I am using the free tier, but I want to prevent going beyond that and being charged.
How do I do this?
I am using the free tier, but I want to prevent going beyond that and being charged.
How do I do this?
Hello! We don’t have any way to limit billing to $0. With the exception of bandwidth, you only pay for what you manually provision. So anything paid is intentional. This isn’t a pay-per-request product where 10 million people show up and you get a big bill at the end.
We do have prepaid support. You can buy $25 or more of credits and we suspend the account when credits are exhausted.
For what it’s worth, we probably won’t build a way to prevent accounts from using paid services. We pay the cost to run free services with the hope that people will deploy projects that are worth paying for when we’ve proven that what we’re doing is valuable.
In lieu of billing limits, is there a place to see what their estimated monthly spending will be?

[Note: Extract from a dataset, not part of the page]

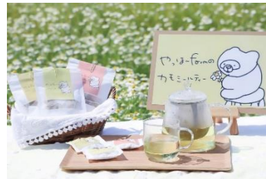
やつほ～farm のカモミールティー
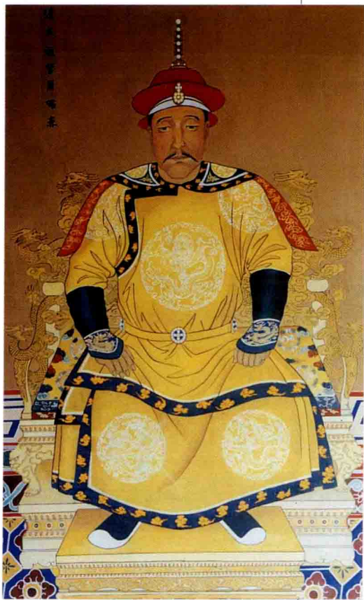
清太祖高皇帝努尔哈赤画像。

It’s pretty opaque from both flyctl
as well as from the fly.io dashboard how much your resources should generally cost per month.
@kurt Some of the items are billed on a “per request” basis (bandwidth) which is what I am concerned about.
I like Fly and would pay for it in the future, but at the moment I have a demo app that I do not want racking up large bills without me knowing.
I think I may use the credits, thanks for the reply.
You can see “usage so far this month” here: https://fly.io/organizations/personal
Stripe doesn’t give us much better data than that, and all our billing is “fire off metrics to stripe, let them generate invoices”. We’ll have to build a new billing system sometime in the next year and I think it’ll improve then.
Ah, yes this is a fair point. Bandwidth is incredibly cheap on Fly, but it costs us money when you use it. We’ve debated ways of making it “safe” to handle unintentional bursts, but so far it hasn’t hit anyone. People pay us for VM time long before bandwidth surpasses the limit. We give away a lot.
Hi Kurt, I was wondering if I could ask about this.
I completely understand your point about Fly having to pay for free users’ bandwidth. But just to be clear, are you saying that my current free app could rack up a bill, if say someone on the internet found my app and started refreshing it over and over, using lots of bandwidth?
Perhaps that’s not a realistic scenario, especially since you give a 100GB free allowance for North American + European traffic. But it’s possible, from what you’re saying? And even though I don’t have any payment methods attached to my account right now, I would still be legally liable for that bill? Although I don’t live in the US so I don’t know how that legally works.
Like I say, I completely understand your point about Fly having to cover the costs even of free users, that makes complete sense. I just wanted to be clear about how your billing works.
Thanks if you’ve read my post, I appreciate it.